Activity: Beginning at the line containing "Құлаған көпірдің жалпы" in the material below and ending at the line containing "现代感与科技感融合的3D微缩", return each line exactly and add nothing.

Input records:
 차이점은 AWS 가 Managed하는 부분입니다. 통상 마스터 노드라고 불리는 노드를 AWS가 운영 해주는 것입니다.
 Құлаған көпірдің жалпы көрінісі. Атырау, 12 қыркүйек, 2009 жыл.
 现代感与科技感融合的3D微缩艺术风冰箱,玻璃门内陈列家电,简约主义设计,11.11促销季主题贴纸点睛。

==

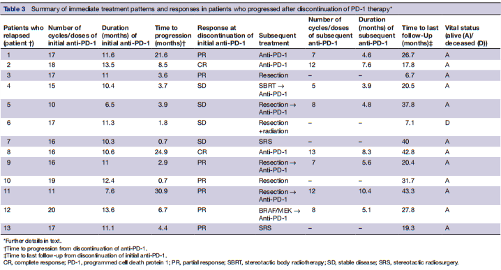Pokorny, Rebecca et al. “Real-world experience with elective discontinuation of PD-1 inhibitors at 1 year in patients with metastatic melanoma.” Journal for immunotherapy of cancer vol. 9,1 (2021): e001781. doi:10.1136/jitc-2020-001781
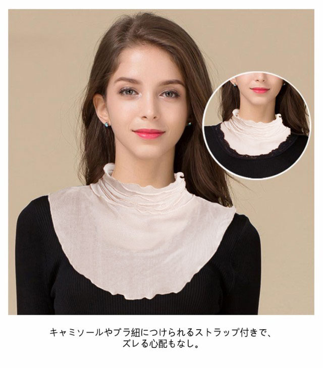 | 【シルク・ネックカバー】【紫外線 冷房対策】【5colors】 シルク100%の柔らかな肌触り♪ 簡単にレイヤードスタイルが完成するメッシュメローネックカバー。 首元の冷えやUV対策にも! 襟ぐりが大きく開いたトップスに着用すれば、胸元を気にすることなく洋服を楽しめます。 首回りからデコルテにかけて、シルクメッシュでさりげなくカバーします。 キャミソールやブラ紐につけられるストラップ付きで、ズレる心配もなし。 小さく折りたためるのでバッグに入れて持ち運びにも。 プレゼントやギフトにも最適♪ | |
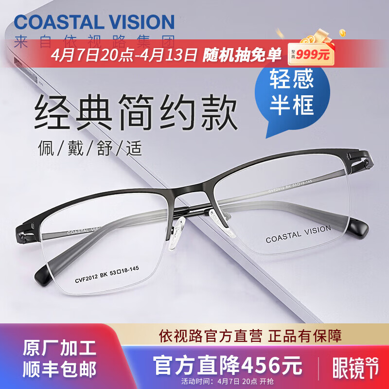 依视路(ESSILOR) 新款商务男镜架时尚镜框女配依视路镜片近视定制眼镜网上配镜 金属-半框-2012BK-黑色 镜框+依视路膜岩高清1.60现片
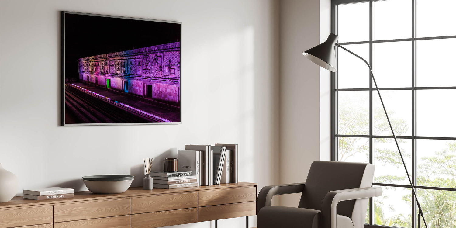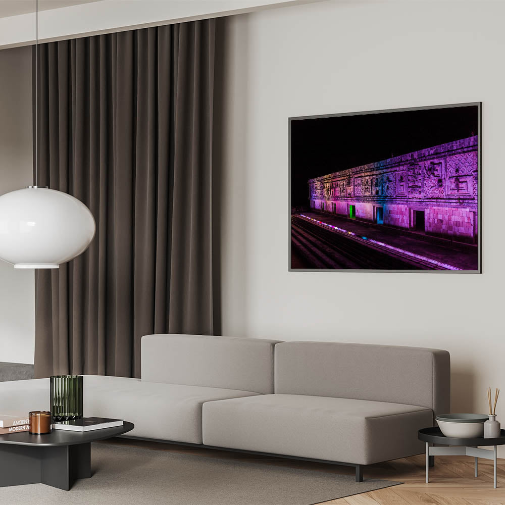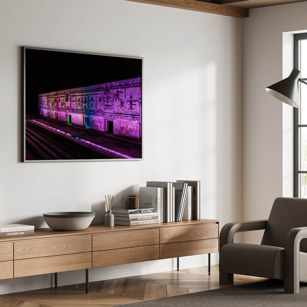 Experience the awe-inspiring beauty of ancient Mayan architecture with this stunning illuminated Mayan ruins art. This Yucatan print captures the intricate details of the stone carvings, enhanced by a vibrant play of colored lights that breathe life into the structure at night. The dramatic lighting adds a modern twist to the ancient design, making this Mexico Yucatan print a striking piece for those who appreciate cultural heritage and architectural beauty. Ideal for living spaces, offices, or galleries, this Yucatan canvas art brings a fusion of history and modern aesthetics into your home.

==

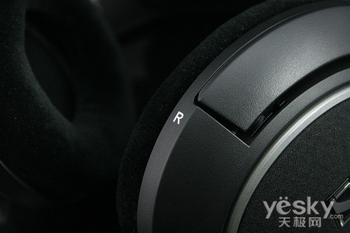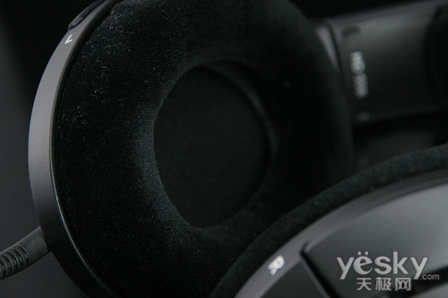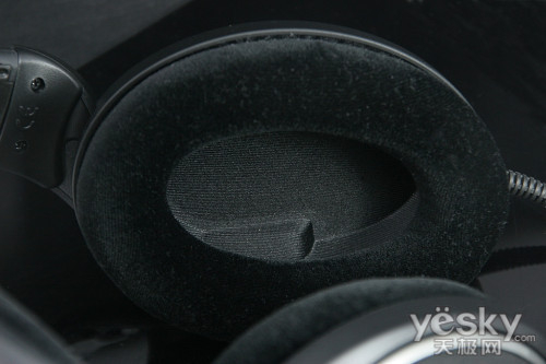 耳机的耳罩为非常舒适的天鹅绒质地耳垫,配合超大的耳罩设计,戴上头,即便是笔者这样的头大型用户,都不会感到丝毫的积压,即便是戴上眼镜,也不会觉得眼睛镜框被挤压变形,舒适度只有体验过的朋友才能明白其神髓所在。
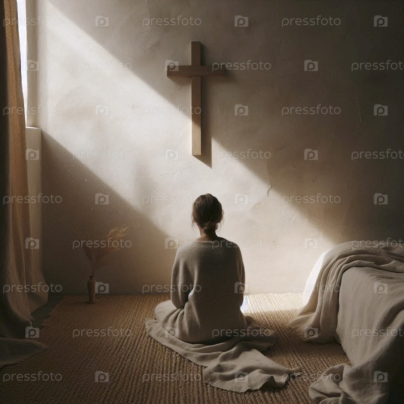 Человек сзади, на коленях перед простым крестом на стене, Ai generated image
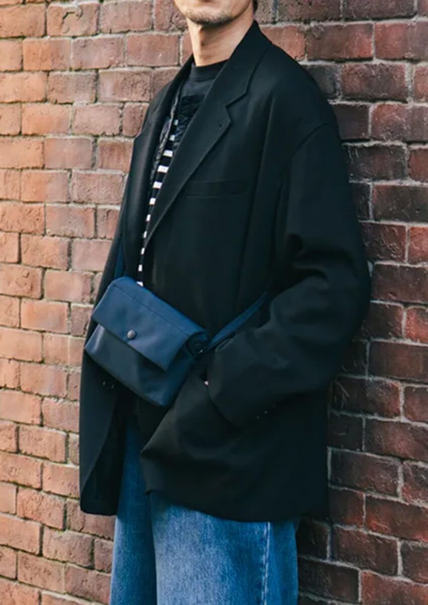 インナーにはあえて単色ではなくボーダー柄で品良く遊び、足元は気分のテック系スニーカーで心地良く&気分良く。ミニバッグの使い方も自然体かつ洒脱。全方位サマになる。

Your solution:
 Құлаған көпірдің жалпы көрінісі. Атырау, 12 қыркүйек, 2009 жыл.
 现代感与科技感融合的3D微缩艺术风冰箱,玻璃门内陈列家电,简约主义设计,11.11促销季主题贴纸点睛。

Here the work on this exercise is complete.